__What you should do__
Every line below from the one with "目前美國已經(jīng)有6" through the one with "4) (a + b + c)2" should be retyped exactly, both ends included; no other lines and no pictures.
[Data under study Boundary: Start]
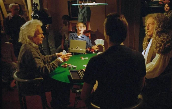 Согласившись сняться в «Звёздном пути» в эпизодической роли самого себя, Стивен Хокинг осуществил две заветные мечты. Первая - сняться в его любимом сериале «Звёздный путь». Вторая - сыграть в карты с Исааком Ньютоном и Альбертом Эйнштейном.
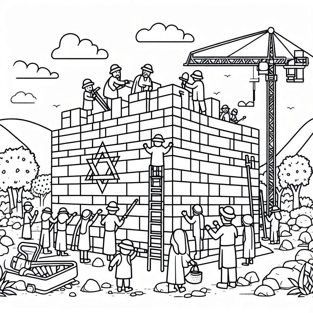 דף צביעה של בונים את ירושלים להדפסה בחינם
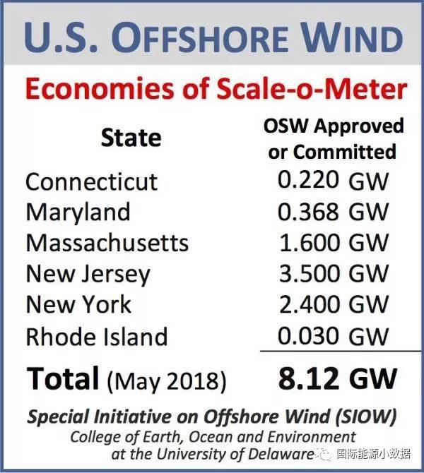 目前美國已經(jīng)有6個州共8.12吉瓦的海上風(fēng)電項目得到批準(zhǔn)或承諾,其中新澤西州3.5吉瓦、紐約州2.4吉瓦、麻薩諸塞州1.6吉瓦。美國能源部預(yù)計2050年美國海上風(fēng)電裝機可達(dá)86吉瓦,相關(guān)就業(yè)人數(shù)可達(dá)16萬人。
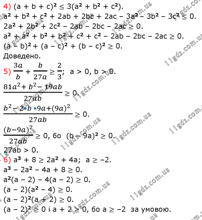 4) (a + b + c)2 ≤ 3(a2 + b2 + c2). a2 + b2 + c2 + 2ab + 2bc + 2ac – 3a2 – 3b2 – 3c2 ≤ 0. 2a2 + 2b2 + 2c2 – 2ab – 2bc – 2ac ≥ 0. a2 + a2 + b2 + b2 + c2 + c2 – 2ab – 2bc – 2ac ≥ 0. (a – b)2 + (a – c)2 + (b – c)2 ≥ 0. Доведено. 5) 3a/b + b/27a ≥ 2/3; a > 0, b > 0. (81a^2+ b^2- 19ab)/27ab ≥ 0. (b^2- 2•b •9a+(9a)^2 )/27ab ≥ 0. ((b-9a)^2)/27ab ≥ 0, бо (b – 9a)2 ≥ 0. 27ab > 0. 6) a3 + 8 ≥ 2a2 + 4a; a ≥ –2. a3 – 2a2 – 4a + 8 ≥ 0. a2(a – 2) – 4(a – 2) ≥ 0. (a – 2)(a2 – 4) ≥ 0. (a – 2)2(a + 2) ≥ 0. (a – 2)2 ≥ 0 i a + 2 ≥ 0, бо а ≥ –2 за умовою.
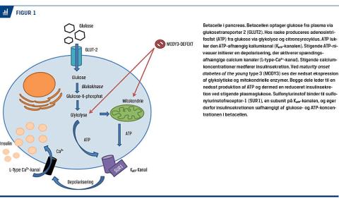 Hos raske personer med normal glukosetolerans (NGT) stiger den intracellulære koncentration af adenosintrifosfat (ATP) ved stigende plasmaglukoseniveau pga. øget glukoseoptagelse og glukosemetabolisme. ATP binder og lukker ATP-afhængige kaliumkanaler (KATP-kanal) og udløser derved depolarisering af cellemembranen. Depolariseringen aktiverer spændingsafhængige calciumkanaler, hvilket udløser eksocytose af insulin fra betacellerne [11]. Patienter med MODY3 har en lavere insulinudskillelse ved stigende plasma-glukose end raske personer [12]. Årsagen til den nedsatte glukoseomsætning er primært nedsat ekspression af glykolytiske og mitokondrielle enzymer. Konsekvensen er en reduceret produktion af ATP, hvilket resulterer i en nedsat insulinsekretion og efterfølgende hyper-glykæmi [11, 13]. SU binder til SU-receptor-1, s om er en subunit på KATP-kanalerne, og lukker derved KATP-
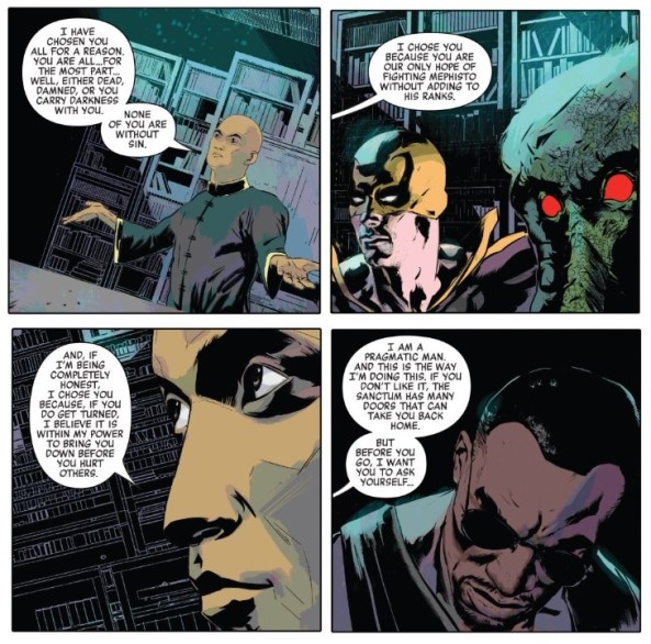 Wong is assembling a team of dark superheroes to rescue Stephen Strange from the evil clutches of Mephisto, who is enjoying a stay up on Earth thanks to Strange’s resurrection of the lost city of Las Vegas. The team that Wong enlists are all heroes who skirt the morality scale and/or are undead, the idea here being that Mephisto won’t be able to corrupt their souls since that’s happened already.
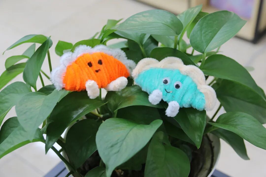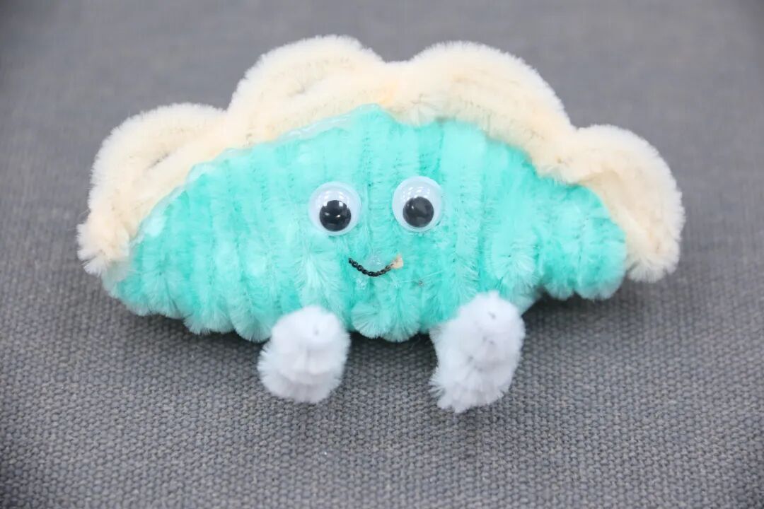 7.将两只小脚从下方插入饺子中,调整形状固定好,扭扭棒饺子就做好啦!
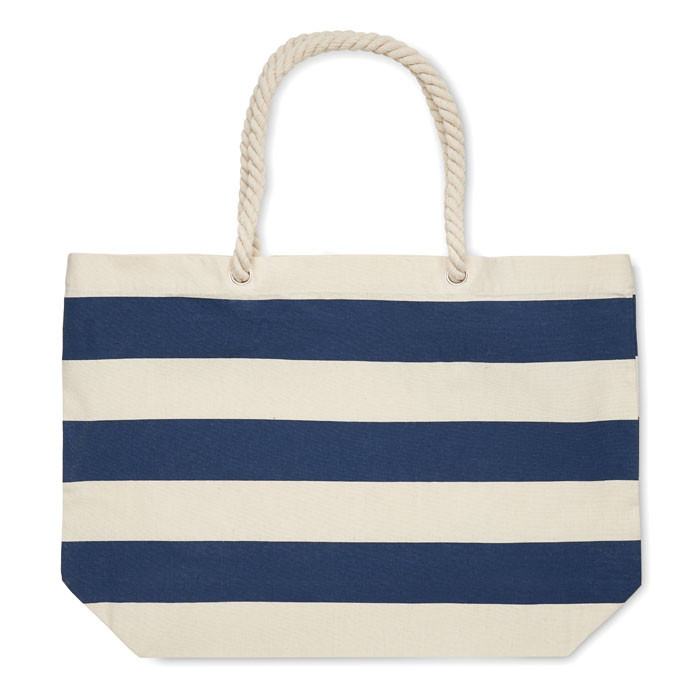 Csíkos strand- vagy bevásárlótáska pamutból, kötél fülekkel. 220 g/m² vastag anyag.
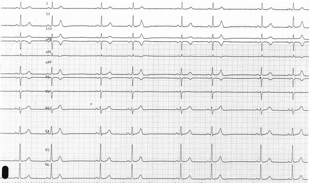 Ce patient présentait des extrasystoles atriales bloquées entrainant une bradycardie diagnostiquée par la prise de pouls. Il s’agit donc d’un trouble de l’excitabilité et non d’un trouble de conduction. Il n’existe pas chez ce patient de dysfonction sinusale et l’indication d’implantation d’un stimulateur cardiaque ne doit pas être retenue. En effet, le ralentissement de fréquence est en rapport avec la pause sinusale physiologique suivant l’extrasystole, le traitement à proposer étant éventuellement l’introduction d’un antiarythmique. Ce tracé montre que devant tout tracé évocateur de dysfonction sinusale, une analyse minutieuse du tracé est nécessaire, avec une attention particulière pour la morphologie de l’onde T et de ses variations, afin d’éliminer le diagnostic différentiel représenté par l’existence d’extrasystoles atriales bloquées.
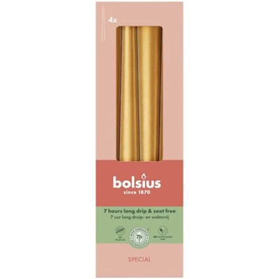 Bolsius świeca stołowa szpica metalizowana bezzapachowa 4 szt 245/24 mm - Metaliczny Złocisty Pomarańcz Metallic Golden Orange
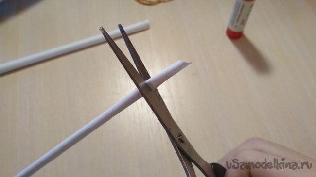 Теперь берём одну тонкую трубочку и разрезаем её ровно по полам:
[Data under study Boundary: End]
[Data under study Boundary: Start]
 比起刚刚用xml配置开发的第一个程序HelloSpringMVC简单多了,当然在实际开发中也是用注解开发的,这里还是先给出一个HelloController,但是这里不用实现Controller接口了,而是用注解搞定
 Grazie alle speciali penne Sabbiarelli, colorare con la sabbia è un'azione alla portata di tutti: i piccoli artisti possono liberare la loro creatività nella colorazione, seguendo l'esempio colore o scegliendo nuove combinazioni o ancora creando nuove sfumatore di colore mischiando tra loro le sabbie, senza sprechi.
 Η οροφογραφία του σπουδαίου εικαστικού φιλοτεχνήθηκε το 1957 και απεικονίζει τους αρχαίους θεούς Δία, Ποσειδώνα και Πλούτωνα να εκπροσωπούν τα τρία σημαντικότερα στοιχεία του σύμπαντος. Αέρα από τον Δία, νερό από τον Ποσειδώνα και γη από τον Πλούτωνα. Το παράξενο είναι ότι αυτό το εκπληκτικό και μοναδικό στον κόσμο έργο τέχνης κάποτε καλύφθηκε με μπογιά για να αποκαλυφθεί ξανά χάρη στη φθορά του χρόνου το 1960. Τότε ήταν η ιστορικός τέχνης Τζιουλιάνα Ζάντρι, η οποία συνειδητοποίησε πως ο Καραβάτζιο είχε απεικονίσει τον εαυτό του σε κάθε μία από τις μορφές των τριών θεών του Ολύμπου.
[Data under study Boundary: End]
__Response for this exercise__
 目前美國已經(jīng)有6個州共8.12吉瓦的海上風(fēng)電項目得到批準(zhǔn)或承諾,其中新澤西州3.5吉瓦、紐約州2.4吉瓦、麻薩諸塞州1.6吉瓦。美國能源部預(yù)計2050年美國海上風(fēng)電裝機可達(dá)86吉瓦,相關(guān)就業(yè)人數(shù)可達(dá)16萬人。
 4) (a + b + c)2 ≤ 3(a2 + b2 + c2). a2 + b2 + c2 + 2ab + 2bc + 2ac – 3a2 – 3b2 – 3c2 ≤ 0. 2a2 + 2b2 + 2c2 – 2ab – 2bc – 2ac ≥ 0. a2 + a2 + b2 + b2 + c2 + c2 – 2ab – 2bc – 2ac ≥ 0. (a – b)2 + (a – c)2 + (b – c)2 ≥ 0. Доведено. 5) 3a/b + b/27a ≥ 2/3; a > 0, b > 0. (81a^2+ b^2- 19ab)/27ab ≥ 0. (b^2- 2•b •9a+(9a)^2 )/27ab ≥ 0. ((b-9a)^2)/27ab ≥ 0, бо (b – 9a)2 ≥ 0. 27ab > 0. 6) a3 + 8 ≥ 2a2 + 4a; a ≥ –2. a3 – 2a2 – 4a + 8 ≥ 0. a2(a – 2) – 4(a – 2) ≥ 0. (a – 2)(a2 – 4) ≥ 0. (a – 2)2(a + 2) ≥ 0. (a – 2)2 ≥ 0 i a + 2 ≥ 0, бо а ≥ –2 за умовою.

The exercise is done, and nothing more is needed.